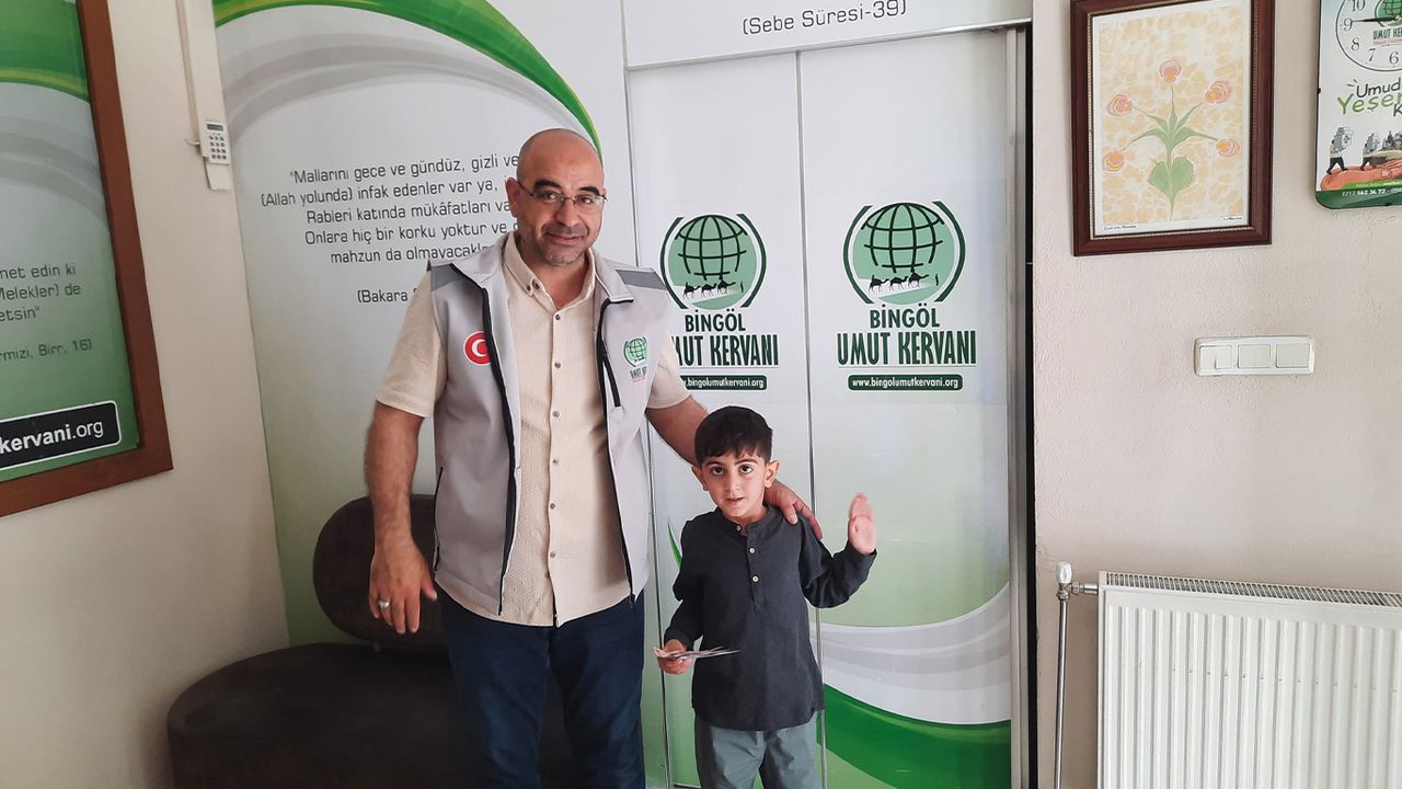 Umut Kervanı Derneği Bingöl Temsilciliği’nde yapılan bağış tesliminde konuşan Dernek Başkanı Refik Gönül, bu anlamlı davranıştan dolayı minik Abdusselam’a ve Amine’ye teşekkür etti.
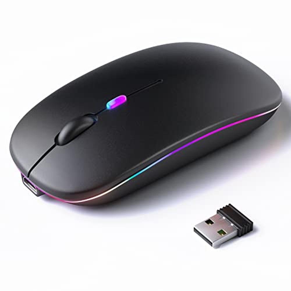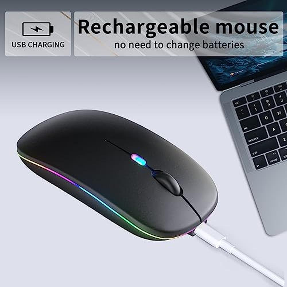 Premium Bluetooth Kanmabpc Wireless Mouse | Rechargeable, Silent, Dual-Mode Bluetooth 5.2 with LED Lights, Portable for Laptop, Desktop, Tablet - Black
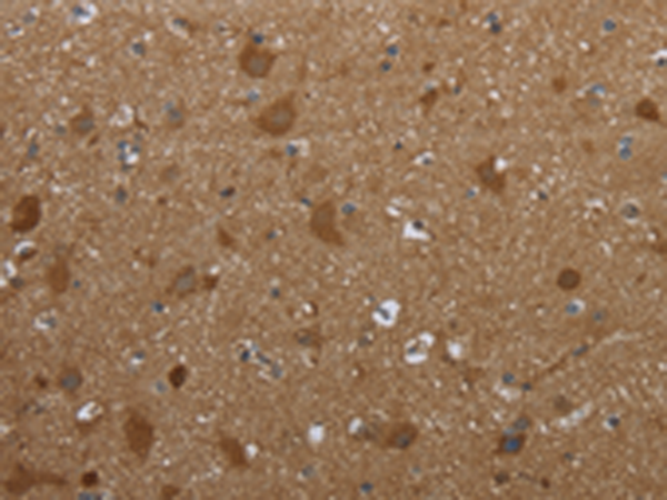 The image is immunohistochemistry of paraffin-embedded Human brain tissue using P04040(PPP1R13L Antibody) at dilution 1/30. (Original magnification: ×200) |

WORK INSTRUCTIONS → Give every line above again exactly, omitting whatever pictures appear.

RESPONSE TO THIS TASK →
 Umut Kervanı Derneği Bingöl Temsilciliği’nde yapılan bağış tesliminde konuşan Dernek Başkanı Refik Gönül, bu anlamlı davranıştan dolayı minik Abdusselam’a ve Amine’ye teşekkür etti.
 Premium Bluetooth Kanmabpc Wireless Mouse | Rechargeable, Silent, Dual-Mode Bluetooth 5.2 with LED Lights, Portable for Laptop, Desktop, Tablet - Black
 The image is immunohistochemistry of paraffin-embedded Human brain tissue using P04040(PPP1R13L Antibody) at dilution 1/30. (Original magnification: ×200) |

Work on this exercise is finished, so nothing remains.